Archive for March, 2010

Better know a wine law: Maryland!

Maryland, the home of the Fightin’ Terps, threatens to turn its wine lovers into perps: The laws governing these five and a half million residents make it a felony to order wine online and have it shipped to their homes. To purchase wines, consumers residing Annapolis, Baltimore or along the Chesapeake must buy from a local store; comparison shopping through retailers on the internet or ordering directly from a winery is illegal. (Small wonder neighboring DC is the thirstiest non-state in the nation.)

Maryland is also home to 38 wineries today. Seeking to jump-start the domestic wine industry after Prohibition, the US Department of Agriculture turned to this mid-Atlantic state, opening an experimental winery in Beltsville, Maryland. Even though it was not long-lived, today’s wineries follow the early trail blazed by the Feds. The only problem: they cannot ship their wines to consumers in-state or out-of-state. In a recent survey (pdf), all but one winery respondents found this to negatively affect their business.

The keys to reforming the laws that have kept Marylanders locked out of the wine cellar for several decades may be within reach. Although the legislation has been introduced every year since 1981, Adam Borden, executive director of Marylanders for Better Beer and Wine Laws, says that this year it has majority support in both houses.
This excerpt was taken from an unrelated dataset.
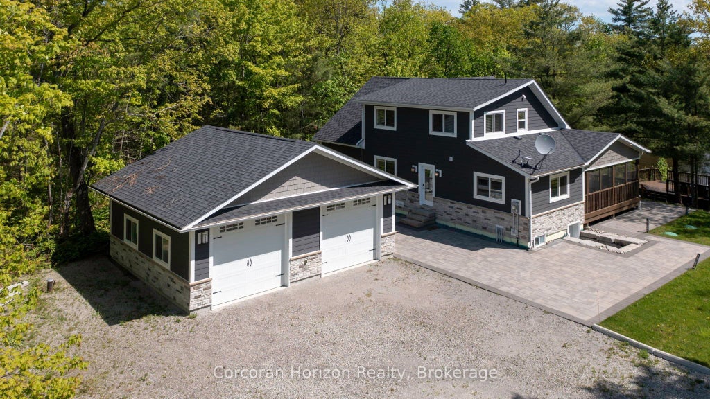 Welcome to 450 Crooked Bay Road! An exceptional four-season cottage retreat on the crystal-clear waters of Six Mile Lake in beautiful Muskoka. Set on over 220 feet of pristine waterfront, this 2019-built gem sits on flat, professionally landscaped grounds, perfectly suited for relaxed lakeside living and entertaining. Inside, you'll find a vaulted great room that seamlessly combines the open-concept kitchen, dining, and living areas ideal for gathering with family and friends. A charming Muskoka Room offers the perfect space to unwind while taking in serene views of the lake. The main floor hosts two well-appointed bedrooms and a stylish full bath, while the upper level offers a private primary suite, an additional full bath, and a spacious loft-den perfect for a home office, lounge, or guest area. The oversized double garage provides generous space for vehicles, recreational gear, and all your water toys. Located on a paved, township-maintained road just minutes from Highway 400, the property ensures easy, year-round access. Enjoy proximity to skiing, golf, and charming local amenities, all just 90 minutes from the GTA. This move-in-ready cottage offers the ideal blend of privacy, convenience, and classic Muskoka charm perfect for both peaceful getaways and stylish lakeside entertaining. Your Muskoka lifestyle begins here.

But the legislative path is not without roadblocks. Who has screwcaps big enough to stand in the path of this legislation? Senator Joan Carter Conway, chair of the Health and Education committee, threatened to stifle the bill in committee despite six of nine members being co-sponsors. But today, a committee in the House will hear testimony on the issue.

Robert Parker, Maryland’s best-known wine consumer, will not be testifying today since he is traveling, according to Borden.

Marylanders for Better Wine and Beer Laws and their page On Facebook
House Bill (80/141)
Senate Bill (26/47)

Wine trial vials, Chile, Grape Stories, class action – sipped and spit

SPIT: volume (how vial!)
Two companies have developed oxygen-free, trial-sized bottles, 50ml in size (1/15th of a normal bottle). The goal is to send samples more easily from wineries to consumers. But don’t try to share this bottle over candlelight with your romantic partner unless you want the evening to end before it starts. Perhaps the best use would be a 100ml size since that is the maximum liquid allowable on planes. Ziploc, anyone? [AP; Wines & Vines]

SIPPED: a new look
Eric LeVine, who won the voting here to become the wine person of the decade, has rolled out a gorgeous, comprehensive redesign with new functionality of cellartracker and on the URL grapestories.com.

SIPPED: Recovery
Chile’s wine industry is digging from the massive earthquake. According to an official statement from Wines of Chile the total damage 125mln liters, 12% of last year’s harvest, and valued at $250 million. They state that the industry’s exports “will return to normal within a very short period of time and without major difficulties.”

SIPPED: the ride continues
Consumers have filed a class-action lawsuit in California against E&J Gallo over the faux pinot, Red Bicyclette. [PRweb.com]

Is there an eco-certification premium but an eco-label discount?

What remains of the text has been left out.